EXERCISE AIM: Would you retype the listing word for word, skipping its pictures?

[[ COLLECTED MATERIAL open ]]

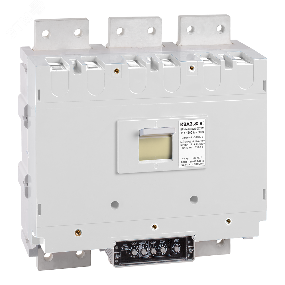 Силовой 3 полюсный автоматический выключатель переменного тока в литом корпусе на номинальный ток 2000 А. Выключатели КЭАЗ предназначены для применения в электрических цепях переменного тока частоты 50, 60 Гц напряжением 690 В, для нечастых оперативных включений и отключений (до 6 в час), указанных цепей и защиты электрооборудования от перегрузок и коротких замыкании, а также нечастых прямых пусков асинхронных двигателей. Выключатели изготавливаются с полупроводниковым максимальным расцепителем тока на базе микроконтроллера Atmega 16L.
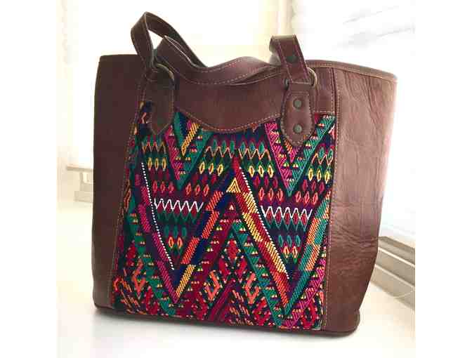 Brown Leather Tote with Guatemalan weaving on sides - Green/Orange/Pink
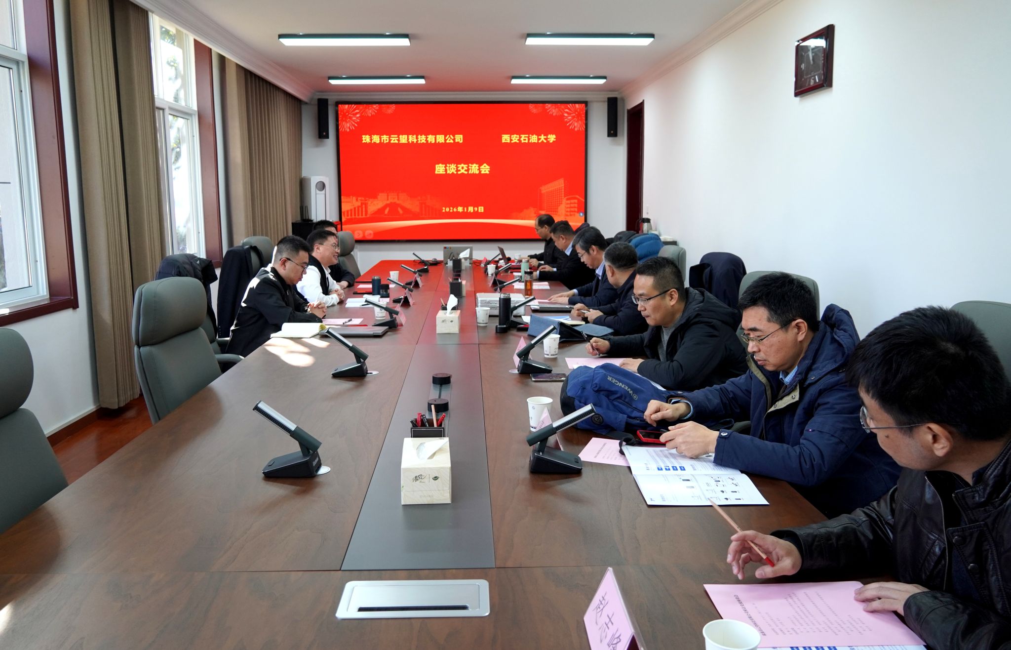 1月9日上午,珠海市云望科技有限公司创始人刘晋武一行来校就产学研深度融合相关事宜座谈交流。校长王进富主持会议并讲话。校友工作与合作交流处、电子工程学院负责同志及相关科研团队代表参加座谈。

[[ COLLECTED MATERIAL closed ]]

RESPONSE:
 Силовой 3 полюсный автоматический выключатель переменного тока в литом корпусе на номинальный ток 2000 А. Выключатели КЭАЗ предназначены для применения в электрических цепях переменного тока частоты 50, 60 Гц напряжением 690 В, для нечастых оперативных включений и отключений (до 6 в час), указанных цепей и защиты электрооборудования от перегрузок и коротких замыкании, а также нечастых прямых пусков асинхронных двигателей. Выключатели изготавливаются с полупроводниковым максимальным расцепителем тока на базе микроконтроллера Atmega 16L.
 Brown Leather Tote with Guatemalan weaving on sides - Green/Orange/Pink
 1月9日上午,珠海市云望科技有限公司创始人刘晋武一行来校就产学研深度融合相关事宜座谈交流。校长王进富主持会议并讲话。校友工作与合作交流处、电子工程学院负责同志及相关科研团队代表参加座谈。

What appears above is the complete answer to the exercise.